Your reputation, it spreadeth…
Thats how Wilford Brimley ate his. Just sayin.
Good to know.
Good to know dad’s not gay either.
they’re just licking cream off each other. good clean fun.
Ernst Röhm’s last fatal, telling, mistake!
(Few people know that the Nacht-der Langen Messer (Night of the Long Knives) was originally the Nacht der Langen Messer, der Gabeln, und der Löffel (Night of the Long Knives, the Forks, and the Spoons). Which even the Germans thought was just too fucking long to say.)
CMC
You’ve misspelled a word in about half of your posts and I was having a little fun with you but since you brought it up… Are saying you can’t spell because you are only 15?
No, he’s misspelling words because his hands are full of cultery. I get totally an Edward Scissorhands vibe here.

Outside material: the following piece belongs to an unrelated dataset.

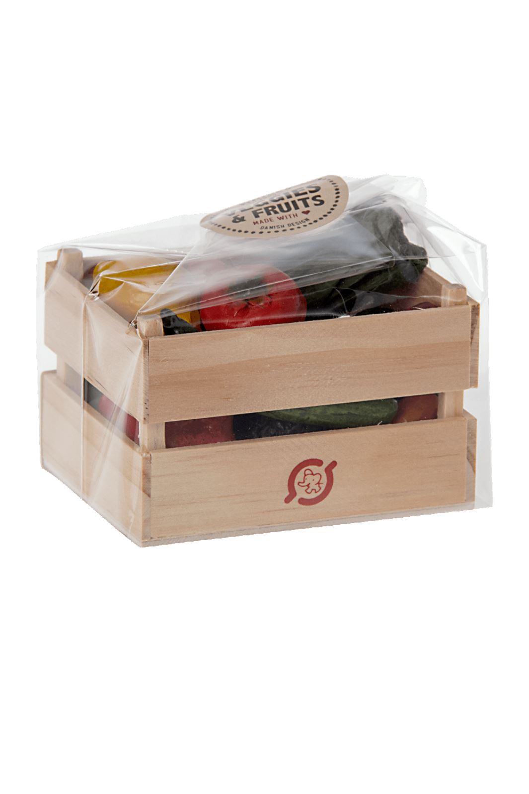 Speelgoedgroenten en -fruit van Maileg in een houten kist. De natuurgetrouwe groenten en fruit zijn gemaakt van duurzame materialen en hebben realistische details.

You got to watch those cults.
Which is why I didn’t get into MIT.
No it is because I was on a phone. Nowadays, usually I don’t make mistakes like those, but in this thread I for a little careless since I was sometimes on my phone in a hurry.
Are you in a hurry now?
You know you’re lucky mayhem on a sentence isn’t a felony.

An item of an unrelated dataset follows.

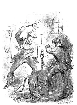 Under Tibaut, Northup suffered cruel and capricious treatment. Tibaut used him to help complete construction at Ford's plantation. At one point, Tibaut whipped Northup because he did not like the nails Northup was using. But Northup fought back, beating Tibaut severely. Enraged, Tibaut recruited two friends to lynch and hang Northup, which an enslaver was legally entitled to do. Ford's overseer Chapin interrupted and prevented the men from killing Northup, reminding Tibaut of his debt to Ford, and chasing them off at gunpoint. Northup was left bound and noosed for hours until Ford returned home to cut him down.[69] Northup believed that Tibaut's debt to Ford saved his life. Historian Walter Johnson suggests that Northup may well have been the first person Tibaut ever enslaved, marking his transition from itinerant employee to property-owning enslaver.[70]

Just to let you know how most adults read that sentiment: “I didn’t make mistakes because I’m stupid. I made mistakes because I didn’t supply any effort! So quit criticizing me!”
Solution: Just fucking pay attention to what you’re doing.
That’s not really fair. I’m a professional writer and editor and a stickler for spelling but autocorrect on my phone trips me up all the time.
Alright alright. Fine, I will pay more attention to what I am doing when I am on mobile devices. It is just that sometimes I am in a rush to get things done, so I guess I just won’t post until I get a better time where I can pay attention to what I am writing.
Apply that to EVERYTHING you do. Half-assing things is a bad way to go through life. The fact you don’t understand that reflects poorly on you.
With all due respect did you read post #190? My own posts will probably show examples of my phone autocorrecting me but it never rearranges the word order or types grammatical gibberish.
Eating pizza with a fork and knife doesn’t make you gay. Just a pussy, is all.
Yes, full-assing everything you do REALLY is the way to go. You’ll be amazed at how much free time you have and how rarely people ask you to do things for them.